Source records

····················

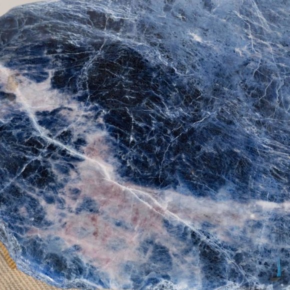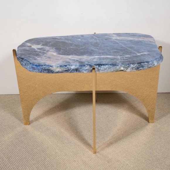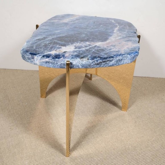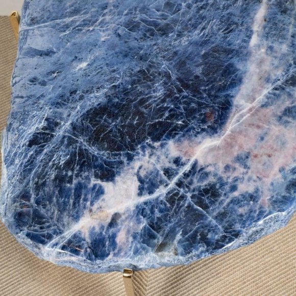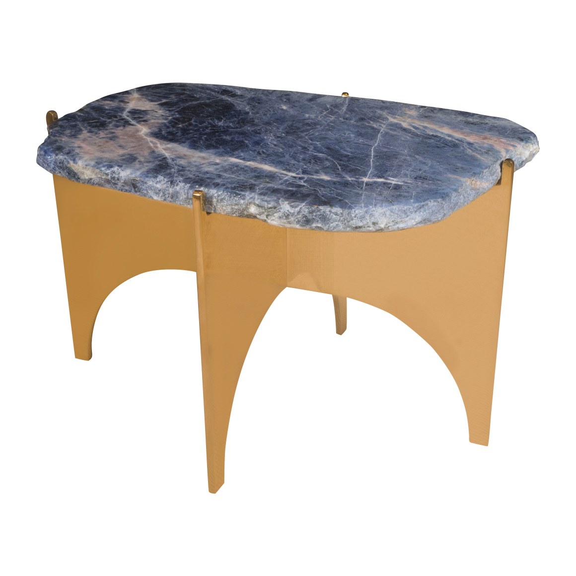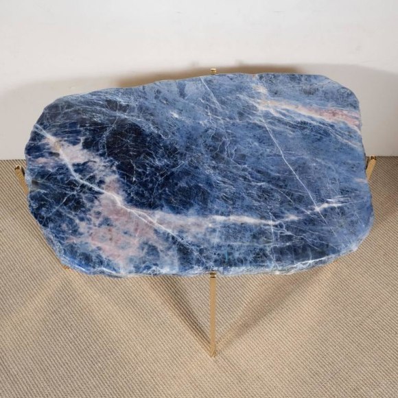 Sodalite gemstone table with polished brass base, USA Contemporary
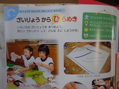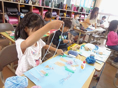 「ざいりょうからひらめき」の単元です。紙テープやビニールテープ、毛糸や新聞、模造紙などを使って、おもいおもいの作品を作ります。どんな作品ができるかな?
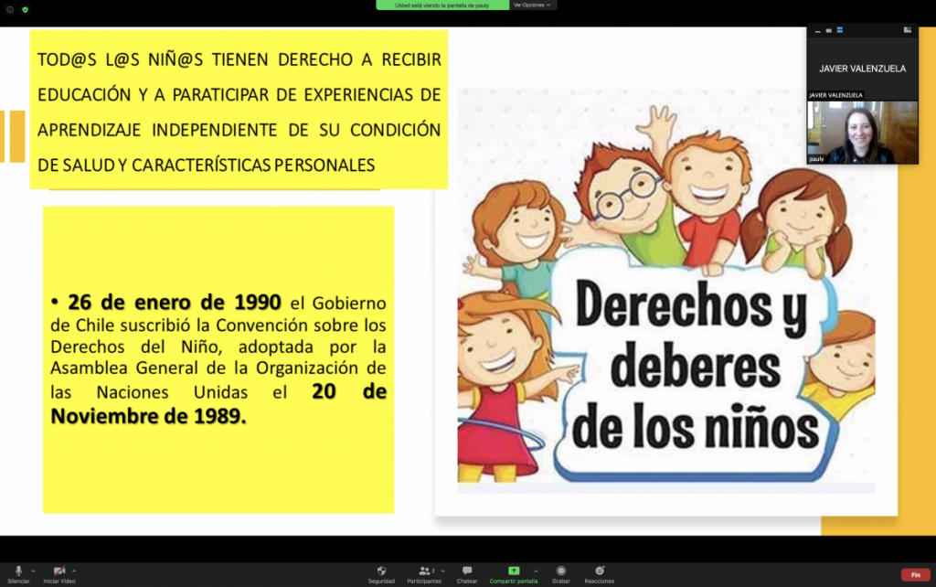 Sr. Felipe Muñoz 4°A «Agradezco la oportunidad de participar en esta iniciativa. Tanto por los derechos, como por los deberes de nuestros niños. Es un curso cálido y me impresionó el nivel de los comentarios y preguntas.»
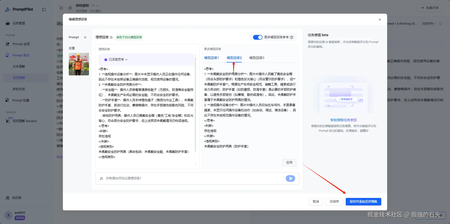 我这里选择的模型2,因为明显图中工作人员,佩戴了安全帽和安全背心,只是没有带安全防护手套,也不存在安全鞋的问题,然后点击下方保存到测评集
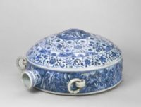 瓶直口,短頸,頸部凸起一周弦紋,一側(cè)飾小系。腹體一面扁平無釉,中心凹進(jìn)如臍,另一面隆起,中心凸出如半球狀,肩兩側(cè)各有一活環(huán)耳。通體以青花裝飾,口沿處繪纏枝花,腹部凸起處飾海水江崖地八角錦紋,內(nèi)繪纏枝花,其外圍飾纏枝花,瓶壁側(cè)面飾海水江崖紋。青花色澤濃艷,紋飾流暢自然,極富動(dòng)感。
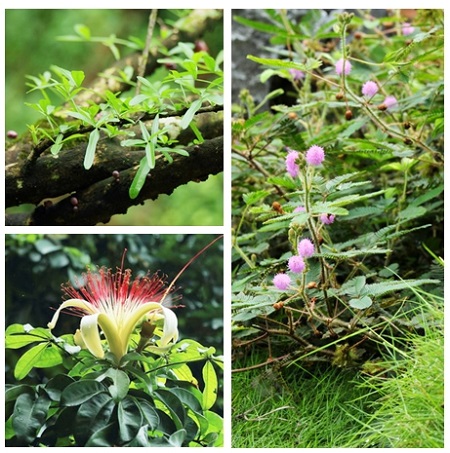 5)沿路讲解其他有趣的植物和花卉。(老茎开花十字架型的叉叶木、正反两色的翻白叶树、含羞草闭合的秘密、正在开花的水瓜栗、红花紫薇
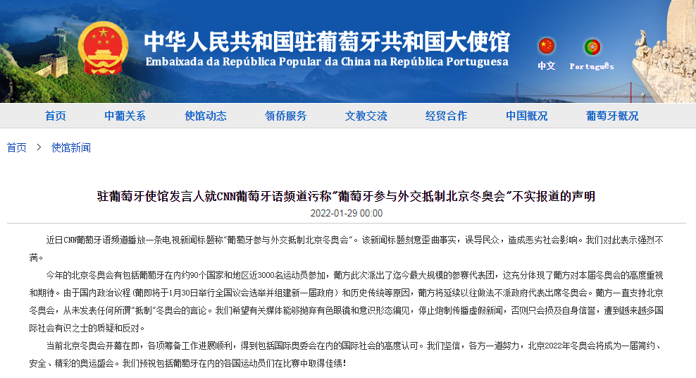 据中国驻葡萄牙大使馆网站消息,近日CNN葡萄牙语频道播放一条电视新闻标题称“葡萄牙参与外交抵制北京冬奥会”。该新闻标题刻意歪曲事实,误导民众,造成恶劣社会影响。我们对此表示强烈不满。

····················

(Instructions for the task):
Omit the pictures, and please restate word for word the lines running from the line with "5)沿路讲解其他有趣的植物和" to the end of the entries.

(Answer box):
 5)沿路讲解其他有趣的植物和花卉。(老茎开花十字架型的叉叶木、正反两色的翻白叶树、含羞草闭合的秘密、正在开花的水瓜栗、红花紫薇
 据中国驻葡萄牙大使馆网站消息,近日CNN葡萄牙语频道播放一条电视新闻标题称“葡萄牙参与外交抵制北京冬奥会”。该新闻标题刻意歪曲事实,误导民众,造成恶劣社会影响。我们对此表示强烈不满。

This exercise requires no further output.